But not all commentators are convinced of the strength of Salgodo's case.

The Economist magazine gives a bearish view here, suggesting that markets may not like what they see when they take a closer look at Spain's stricken savings banks known as cajas in Castillian, caixas in Catalan. Those regional divisions may be part of the problem but more on that later.

Here the Guardian's City editor Nils Pratley suggests that poor old Portugal has merely bowed to the inevitable by seeking a bailout which is why the European Central Bank wasn't particularly worried about making their bad situation worse and raising Eurozone rates. Pratley sees the real risk of the rate rise as that of creating a two speed Europe. While the price Spain is paying to borrow on the bond markets has remained steady, he is concerned about Spanish unemployment – nearing one in five of the workforce – which does impact on a country's ability to service debts and could make the situation of the Spanish banks much worse.

Another Guardian stalwart, economics editor Larry Elliott warns in this webcast that the EU may not have the funds to bail out Spain. To put things in perspective, Ireland, which has had its bailout, has an economy the same size as Hamburg's, he says. Spain has 40 million people and is of a whole different order. Elliott expects markets to put Spain's mettle to the test in the coming weeks.

Here Citywire takes a very long technical look at the Spanish situation, reports the Goldman Sachs' view that Spain's banks could have astonishing credit losses of Euro 145bn and notes a very tepid response to an Italian bond auction last week.

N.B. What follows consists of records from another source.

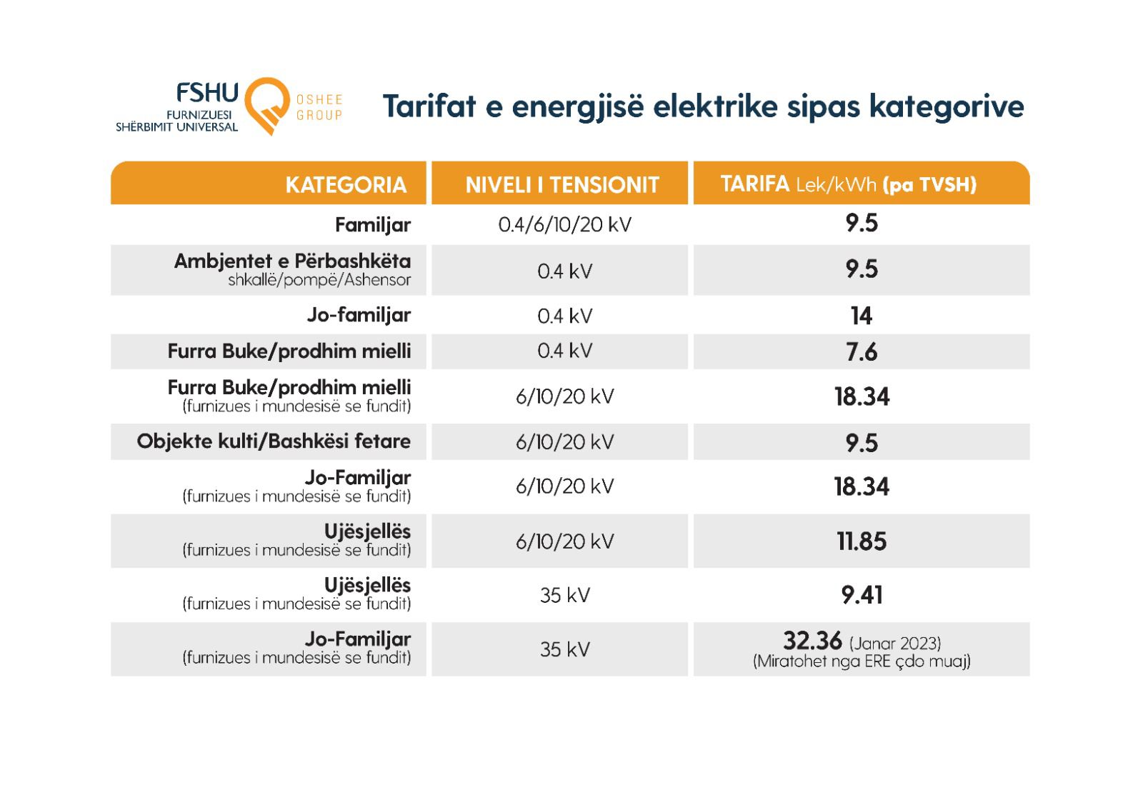 2. Miratimin e cmimit të shitjes së energjisë elektrike të furnizuar nga Furnizuesi i Mundësisë së Fundit për muajin janar 2023 prej 32.27 lek/kilovat për klientët e lidhur në nivelin e tensionit 35kV si dhe për periudhën 1 janar-31 dhjetor 2023, prej 18.26 lek/kilovat për klientët e lidhur në nivelin e tensionit 20/10/6 Kw.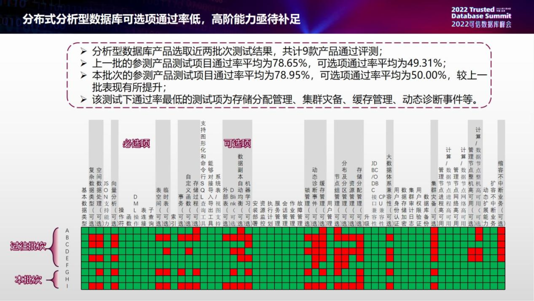 分布式分析型数据库产品基础能力评测首批开始于第七批大数据产品能力评测。因分布式分析型数据库产品基础能力评测标准在第十二批结束后有更新,本次观察选取参与更新后评测的第十三批和十四批次进行汇总分析,共计9款产品通过评测。分布式分析型数据库可选项通过率低,高阶能力亟待补足。上一批参评产品测试通过率平均是78.65%,可选项通过率平均49.31%,本批平均通过率78.95%,可选项平均是50.00%,近两批没有明显变化。通过率最低的项目分别是存储分配管理、集群灾备、缓存管理和动态诊断事件等。整体来看,大多数产品对可选项支持力度不是很好。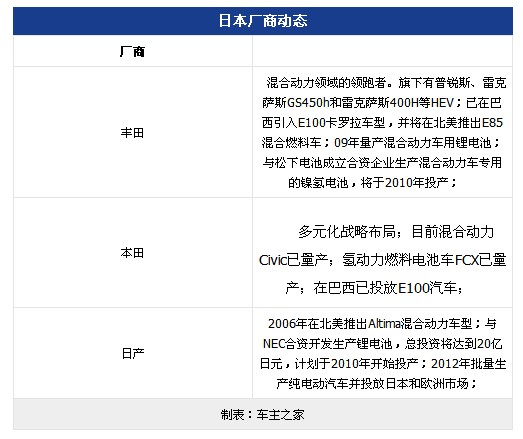 日本汽車廠商鋰電池開發(fā)較早,且投入較大,多數(shù)由企業(yè)已與電池生產(chǎn)企業(yè)進(jìn)行技術(shù)層面合作,在混合動(dòng)力汽車和電力汽車領(lǐng)域處于領(lǐng)先地位。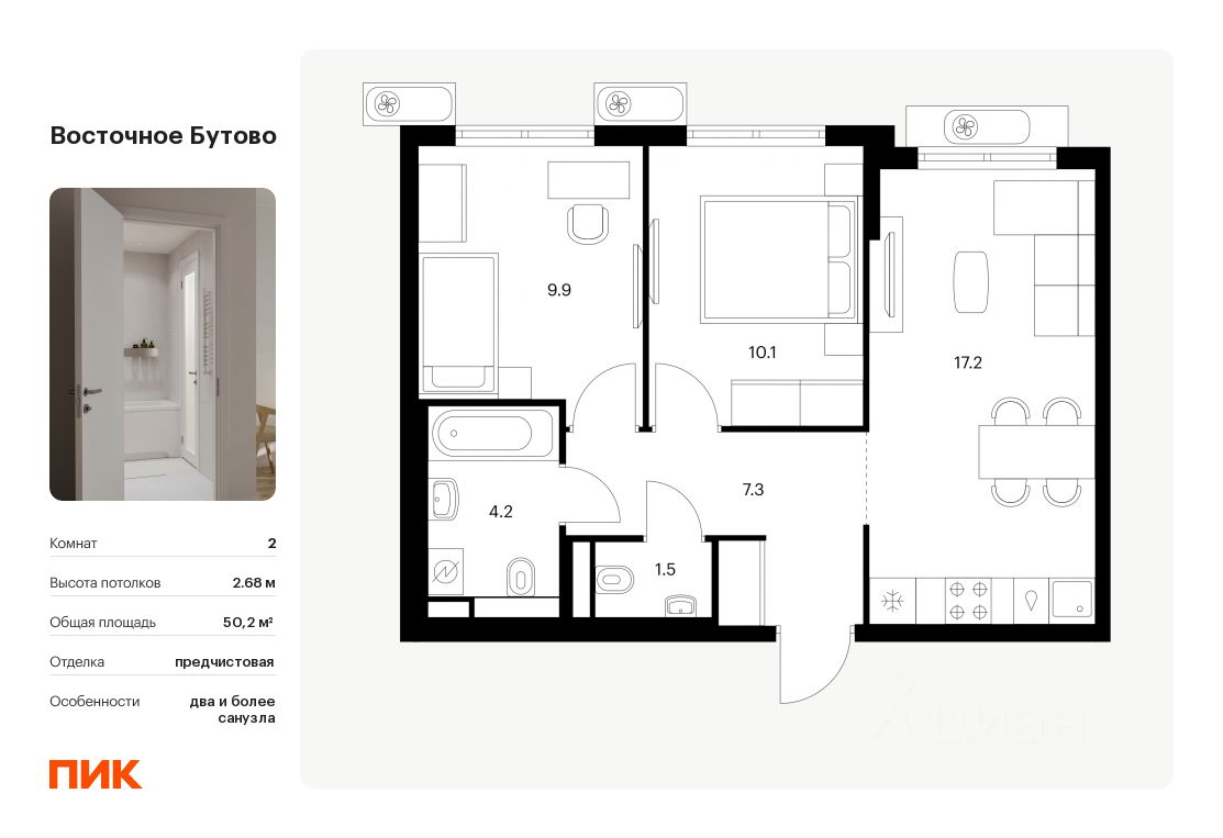 Продаётся 2-комн. квартира площадью 50,2 кв.м на 10 этаже 25 этажного дома (Корпус 47, Секция 3) проекта ПИК Восточное Бутово. Светлый просторный подъезд на уровне земли, функциональная планировка, большие окна, предчистовая отделка.

It also reports that some analysts are concerned that Spain's devolved political structure makes concerted action to restructure those cajas/caixas much more difficult.

On Citywire commenter derek farman says the media is doing its bit to erode confidence.

"It's the media again !!!!!  Constant stories of doom and gloom will erode any confidence that Spain can handle the situation . There will then be a run on the banks and stalling of investment."

Pedrolx, who is Portuguese, also has a theory.

"This is my take on the so-called European sovereign debt crisis: Greek boomed because it WAS insolvent. They lied for years about their public finance. This started two things at the same time:

a) It started scaring away traditional bondholders. Who started to sell in the secondary markets.

b) it was seen as an opportunity for some sectors of the market to make profit, who bought those bonds.

This led to a self-feeding system, which was then pumped even further by speculative articles in the international media. The new investors in the bond markets didn't really fear much because they knew a bailout would occur so they basically would never lose money.

The Irish situation happened because when the new bondholders, hedge funds and vulture funds heard of the "haircut" they started selling like crazy and bond yields rose sky high. End of story for Ireland. Hopefully Portugal and Spain can still be saved from the greed of some of these markets sectors. So I am all for Portugeuse banks buying our bonds. The more they buy the better. And I am certain they have the ECBs approval to do so."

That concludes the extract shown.